(Records excerpted from a collection)
----
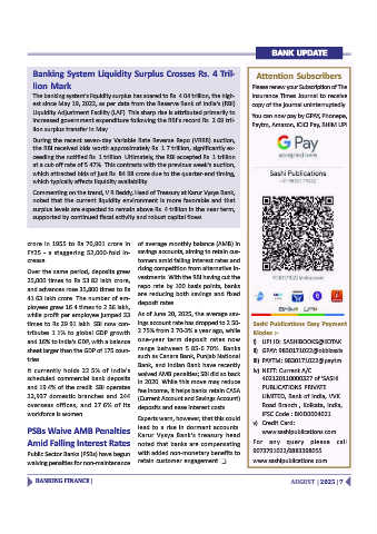 The banking system's liquidity surplus has soared to Rs. 4.04 trillion, the high- Insurance Times Journal to receive
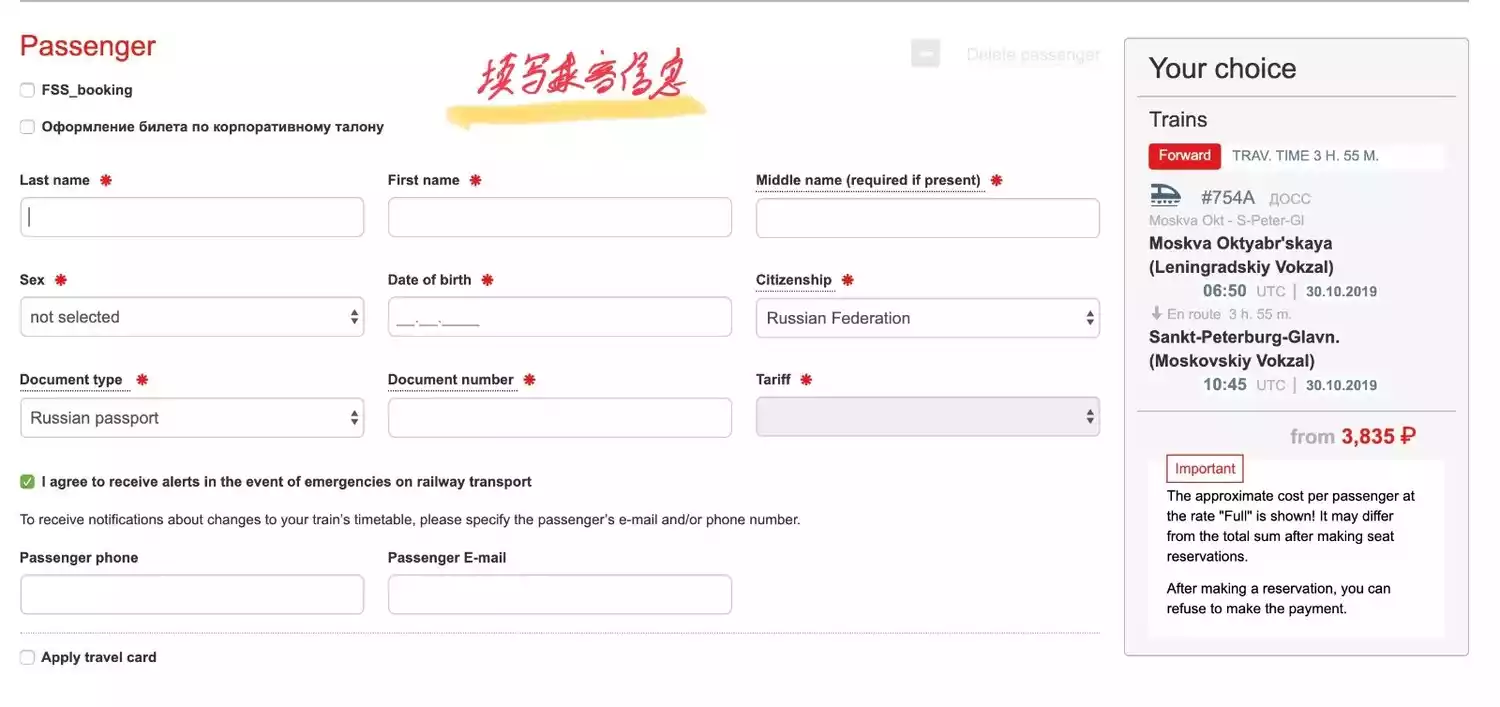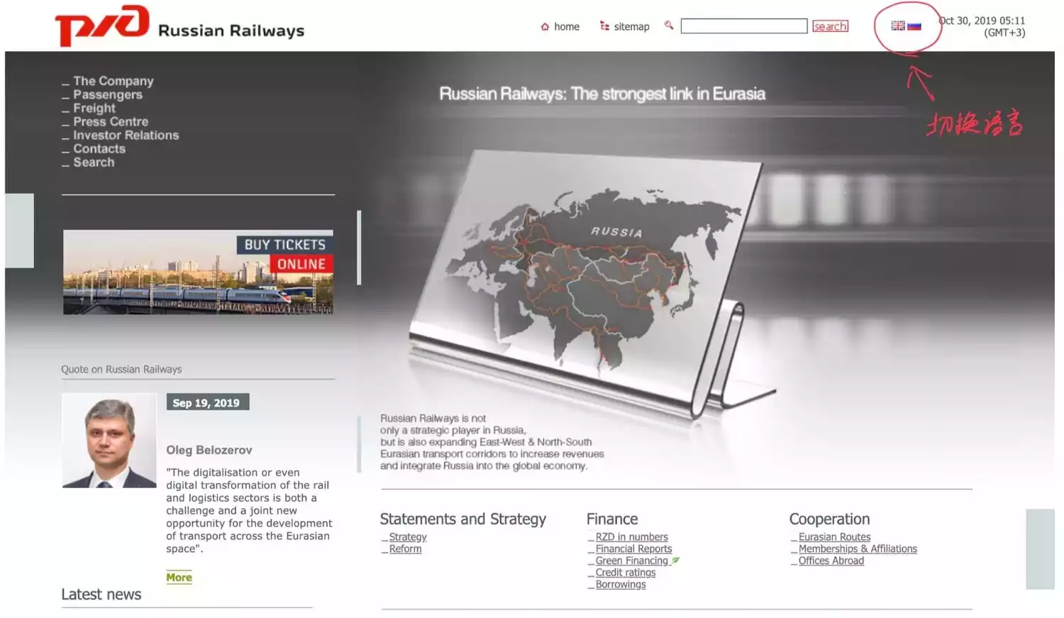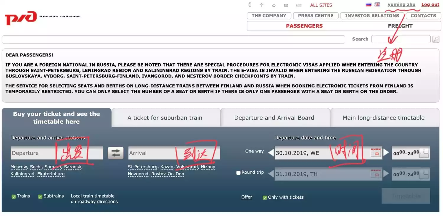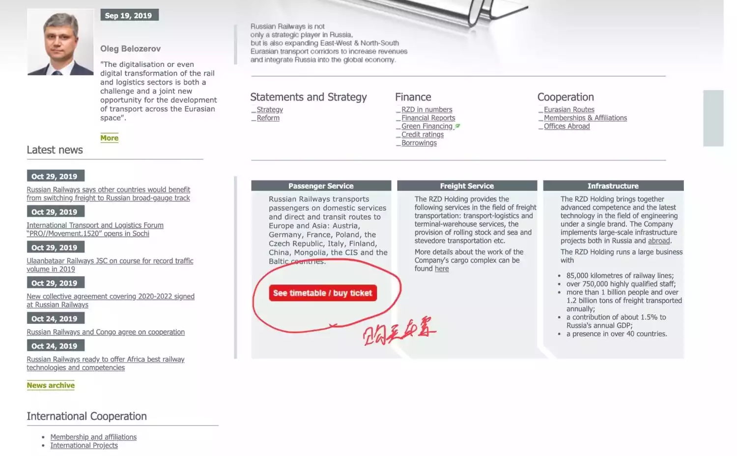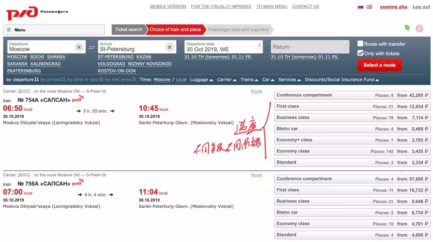 To buy high-speed rail tickets, go to the official website of Russia's high-speed rail: http://www.rzd.ru/, click the British flag in the upper right corner to switch to English.
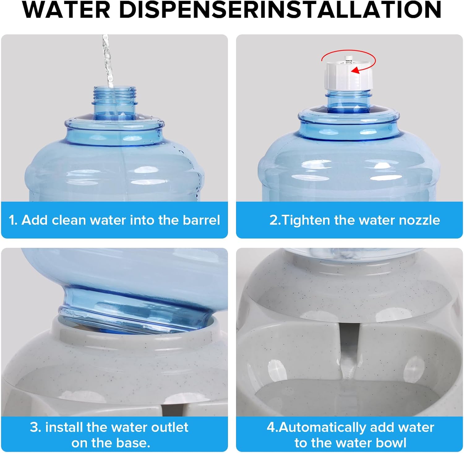 - Dog Water Dispenser Easy To Use:To use this automatic pet waterer, you simply fill the bucket with water and snap it onto the base. The water will automatically refill the bowl. The base has four non-slip pads so you can place the water dispenser anywhere without worrying about your pet moving it around
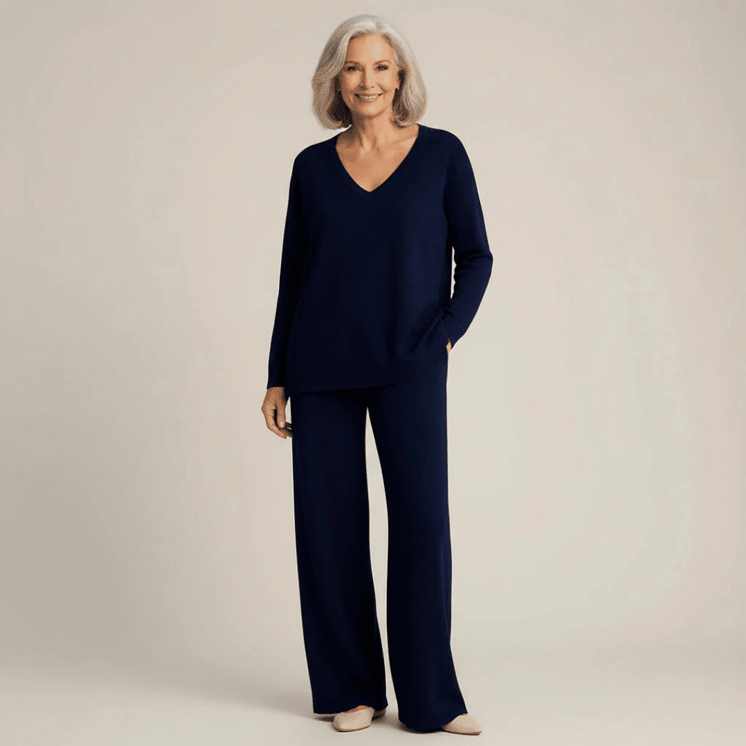 A refined and cozy 2-piece set designed for effortless elegance and everyday comfort. Featuring a soft V-neck top and coordinating pants with an elastic waistband, it offers a naturally flattering fit with a feminine touch.
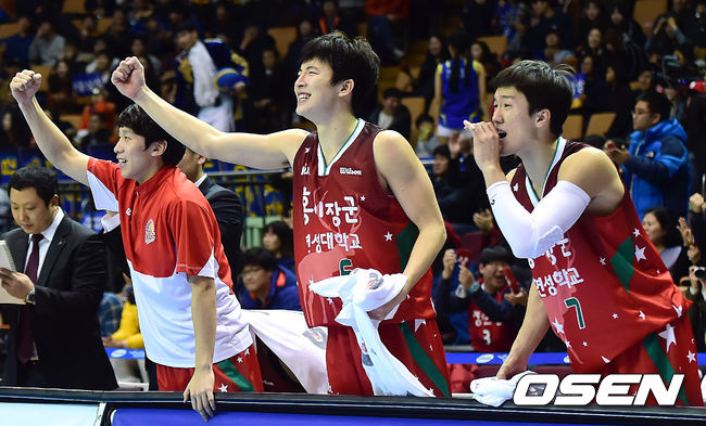 4쿼터 승리를 예감한 KGC 박찬희와 강병현이 기뻐하고 있다. / youngrae@osen.co.kr
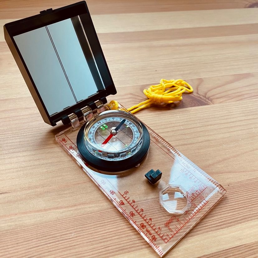 Buzola / busola se zrcátkem. Slouží k určování světových stran, orientaci v terénu a měření azimutu.
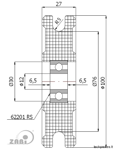 | Ratuko diametras, mm | Ašies diametras, mm | Plotis, mm | Spindulys, mm | Plotis per stebulę, mm | Atlaikoma apkrova, kg |
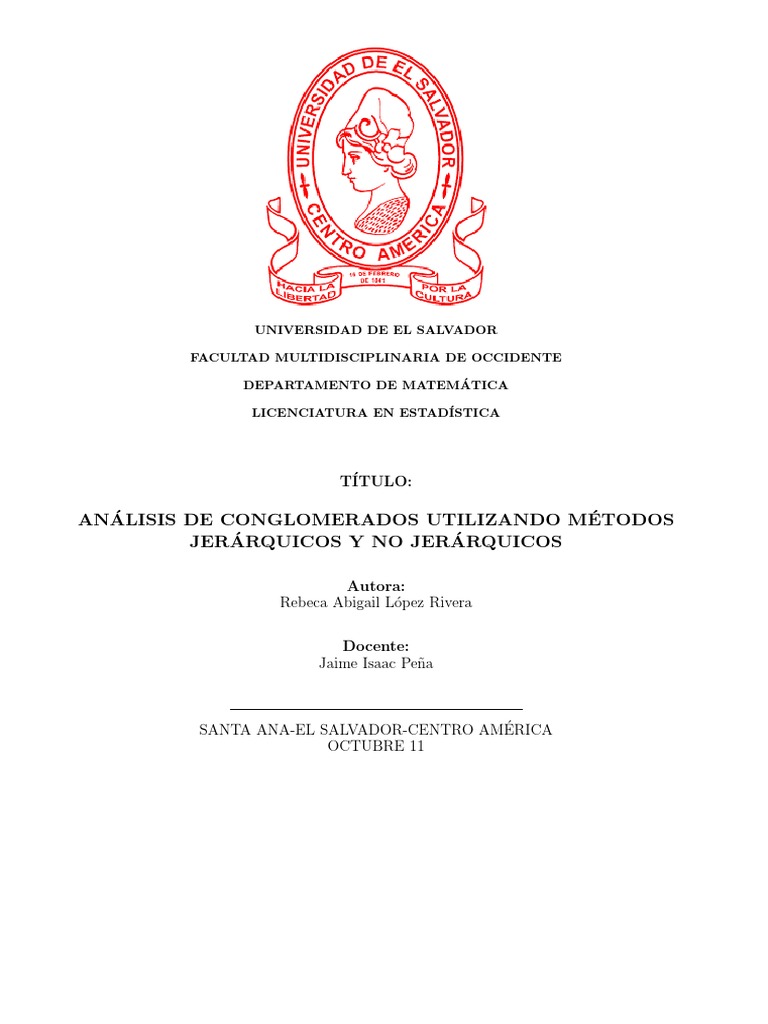 El Análisis Clúster , conocido como Análisis de Conglomerados, es una técnica estadı́stica multivariante que
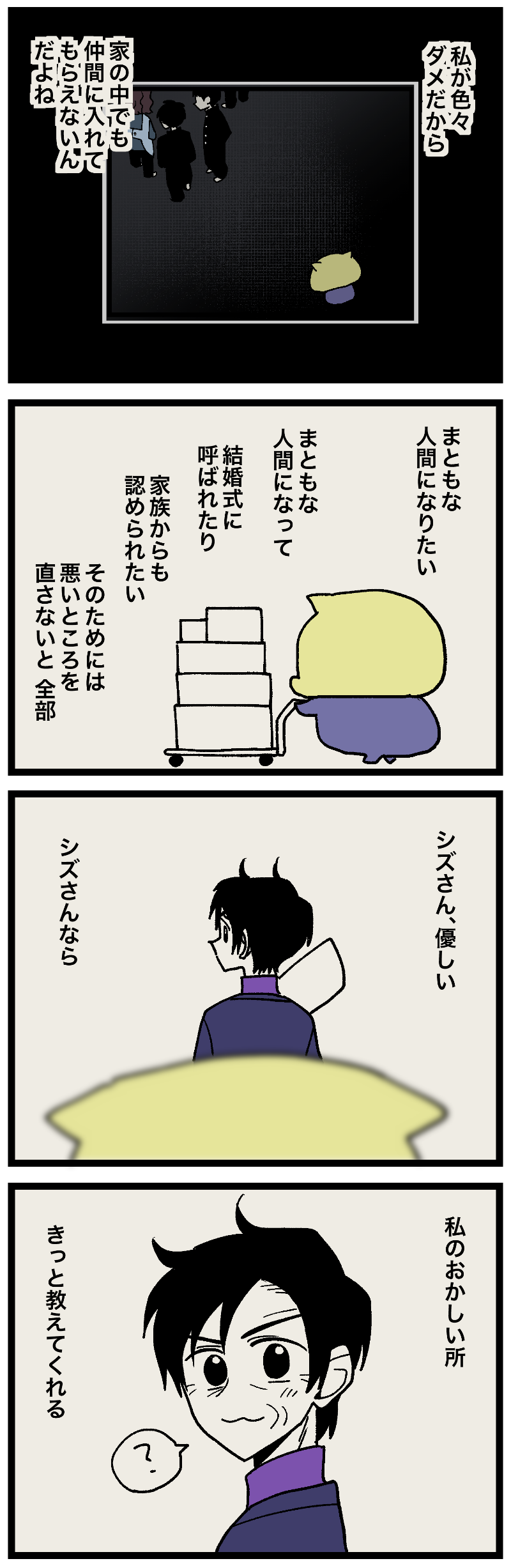 毒家族 母親と私370 -社会人編- 2025年11月10日 20:07 続⚠️現在スマホのみ下部にアンカー広告が出てしまっています。私の方でも調べてるんですが何をどうやっても消せない状況です。漫画が見づらい上にセンシティブな内容が多くてさぞ不快だと思います。ご迷惑おかけしてすみません。PCから閲覧いただくと解消されます。このブログが今よりもっとビッグになれば消せる部分だと思うのでもっと頑張ります。今後とも応援よろしくお願いします。🙇投票ボタン 最初から一気読みしたい人向けAmazon Kindle無料だよ! 週予定表 「 - 毒家族 母親と私」カテゴリの最新記事 < 前の記事次の記事 > コメント コメント一覧 (4) 1. 応援したい!という気持ちと 2025年11月10日 22:23 なんか怖い…という気持ち 二つある〜〜 0 めとう がしました 2. ポルコ 2025年11月10日 22:52 よし 0 めとう がしました 3. ぬぁぬぁーし 2025年11月10日 22:53 この先、良い方と悪い方、どっちに転ぶかハラハラしちゃう!良い方に向かって! 0 めとう がしました 4. よし 2025年11月11日 12:33 ラクさんに会えないから、気持ちを確かめようがないから、悪い方に想像してしまいますね。 めとうさんの気持ちが前に向かいはじめてる、過去のことだけど、応援してます。 0 めとう がしました コメントフォーム 名前 コメント 記事の評価 リセット リセット 顔 星 情報を記憶 コメントを投稿する
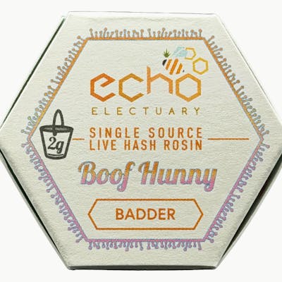 Boof Hunny (Hunny Bunny + Super Boof) * expertly cultivated by Ananda Farms using sustainable practices, fresh frozen at harvest, and processed into a live resin nectar consistency for use in cartridges by Echo Electuary. 9% total terpenes?? *the + indicates a flavor fusion as opposed to a single strain’s lineage
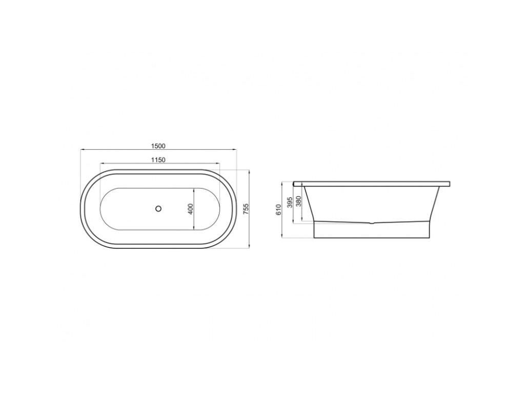 Amona voľne stojaca akrylátová vaňa 150x75, grafitová
----
> [THE TASK] Quote word for word only the lines above from the one containing "- Dog Water" through the one containing "El Análisis Clúster". Pictures stay out of your copy.

> [WORKED SOLUTION]
 - Dog Water Dispenser Easy To Use:To use this automatic pet waterer, you simply fill the bucket with water and snap it onto the base. The water will automatically refill the bowl. The base has four non-slip pads so you can place the water dispenser anywhere without worrying about your pet moving it around
 A refined and cozy 2-piece set designed for effortless elegance and everyday comfort. Featuring a soft V-neck top and coordinating pants with an elastic waistband, it offers a naturally flattering fit with a feminine touch.
 4쿼터 승리를 예감한 KGC 박찬희와 강병현이 기뻐하고 있다. / youngrae@osen.co.kr
 Buzola / busola se zrcátkem. Slouží k určování světových stran, orientaci v terénu a měření azimutu.
 | Ratuko diametras, mm | Ašies diametras, mm | Plotis, mm | Spindulys, mm | Plotis per stebulę, mm | Atlaikoma apkrova, kg |
 El Análisis Clúster , conocido como Análisis de Conglomerados, es una técnica estadı́stica multivariante que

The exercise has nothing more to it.